What the exercise asks: In the listing below, locate the line with "Bottines en cuir" and the line with "수강신청은 2026년 1월", then output both and everything between them exactly, minus any pictures.

Data for processing:

• • • • • • •

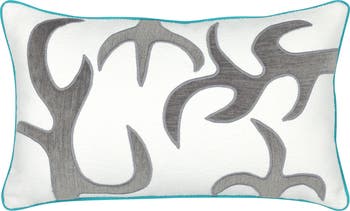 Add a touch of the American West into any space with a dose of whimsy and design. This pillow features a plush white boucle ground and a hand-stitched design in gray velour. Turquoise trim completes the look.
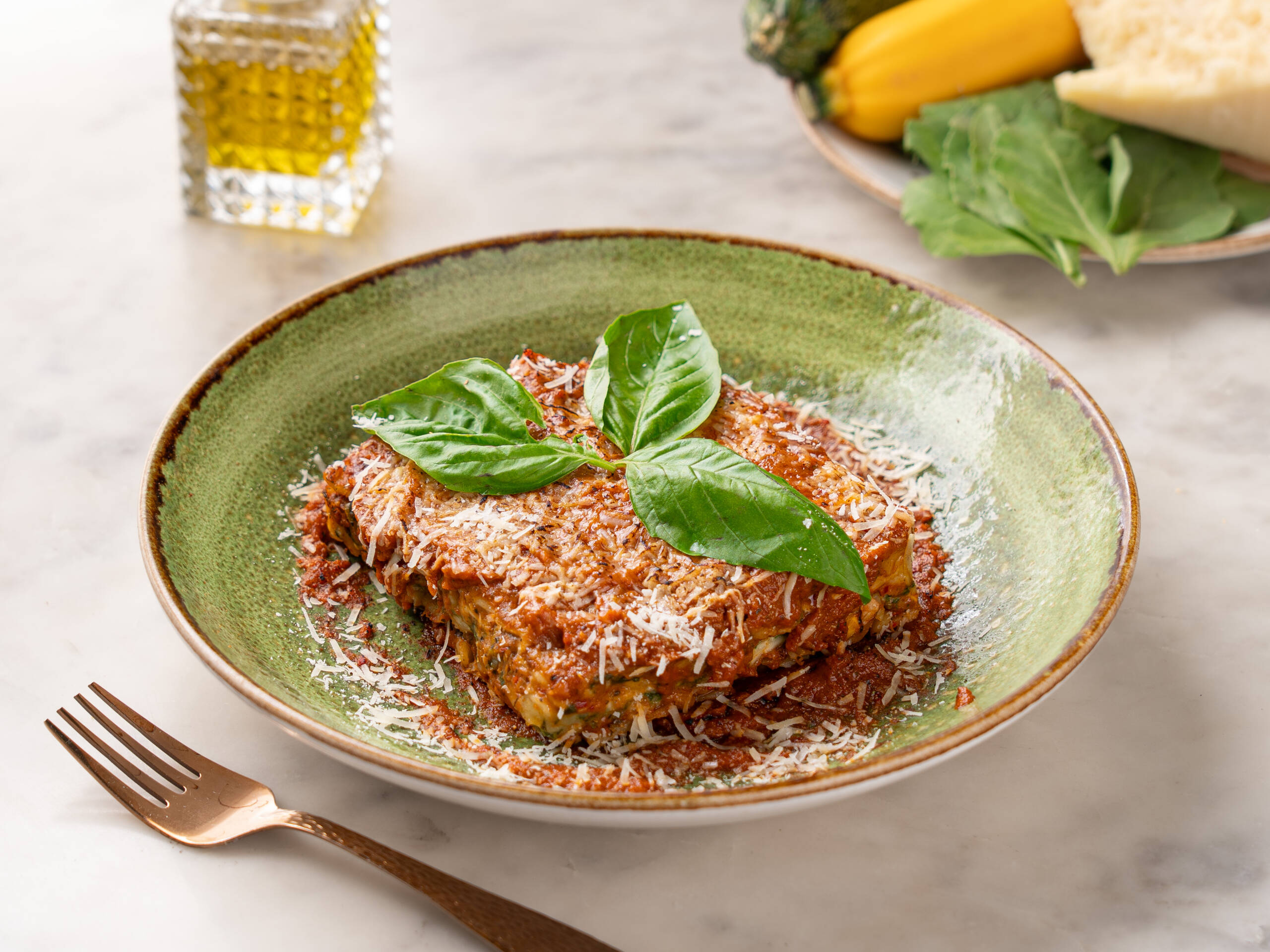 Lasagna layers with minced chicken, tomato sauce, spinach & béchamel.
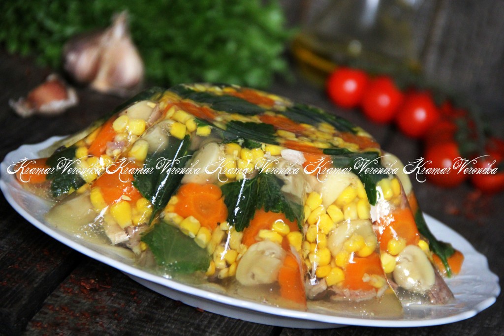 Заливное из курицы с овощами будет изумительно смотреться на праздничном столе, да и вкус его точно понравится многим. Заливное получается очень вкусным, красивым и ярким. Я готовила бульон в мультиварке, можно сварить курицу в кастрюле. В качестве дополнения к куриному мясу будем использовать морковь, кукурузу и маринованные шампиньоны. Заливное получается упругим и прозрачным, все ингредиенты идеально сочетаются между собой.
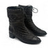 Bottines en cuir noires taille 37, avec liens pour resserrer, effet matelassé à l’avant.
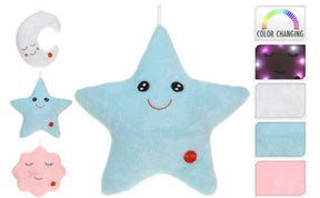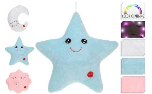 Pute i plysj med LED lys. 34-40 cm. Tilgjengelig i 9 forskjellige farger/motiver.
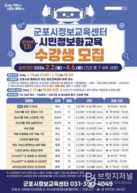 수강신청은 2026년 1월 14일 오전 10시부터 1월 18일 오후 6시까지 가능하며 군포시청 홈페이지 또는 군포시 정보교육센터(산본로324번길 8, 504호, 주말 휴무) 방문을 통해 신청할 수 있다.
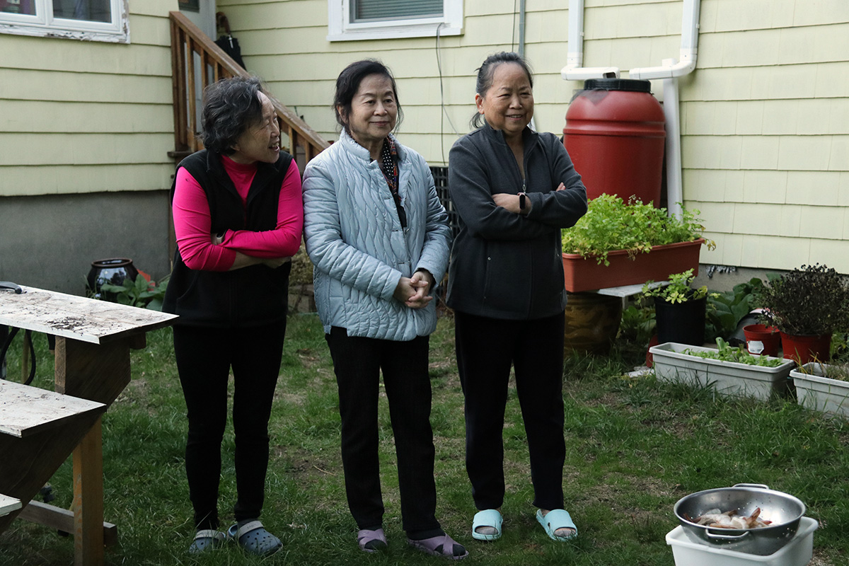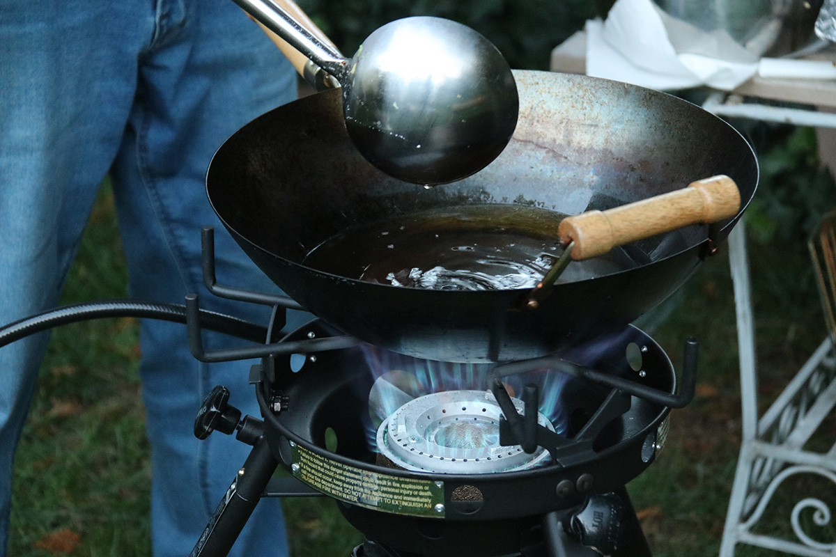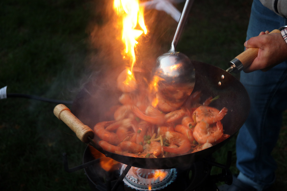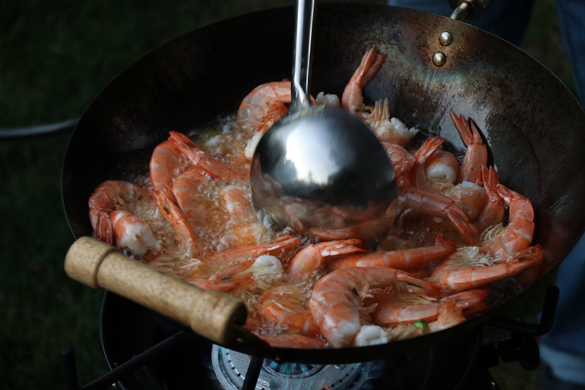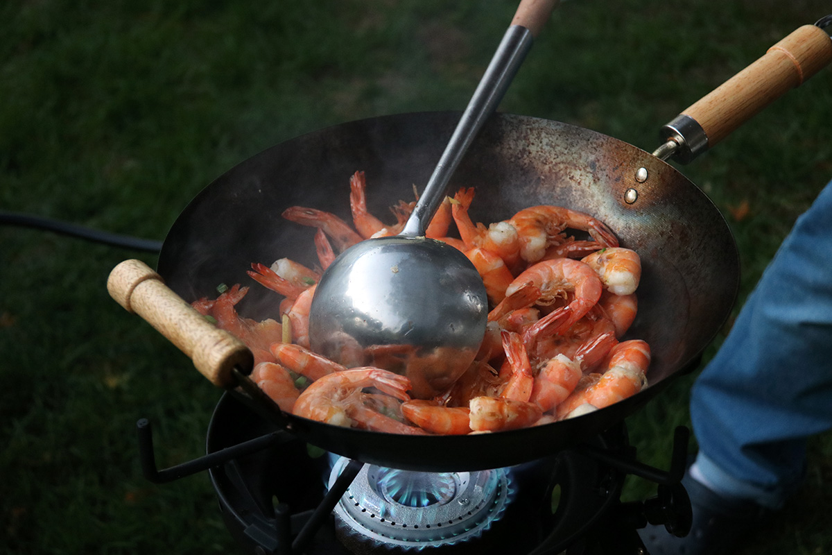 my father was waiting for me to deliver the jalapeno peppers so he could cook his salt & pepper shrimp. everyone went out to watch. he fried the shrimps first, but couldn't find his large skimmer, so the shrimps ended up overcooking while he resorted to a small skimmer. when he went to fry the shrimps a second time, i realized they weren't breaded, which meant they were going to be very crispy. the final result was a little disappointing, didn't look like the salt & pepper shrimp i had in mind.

• • • • • • •

Task answer:
 Bottines en cuir noires taille 37, avec liens pour resserrer, effet matelassé à l’avant.
 Pute i plysj med LED lys. 34-40 cm. Tilgjengelig i 9 forskjellige farger/motiver.
 수강신청은 2026년 1월 14일 오전 10시부터 1월 18일 오후 6시까지 가능하며 군포시청 홈페이지 또는 군포시 정보교육센터(산본로324번길 8, 504호, 주말 휴무) 방문을 통해 신청할 수 있다.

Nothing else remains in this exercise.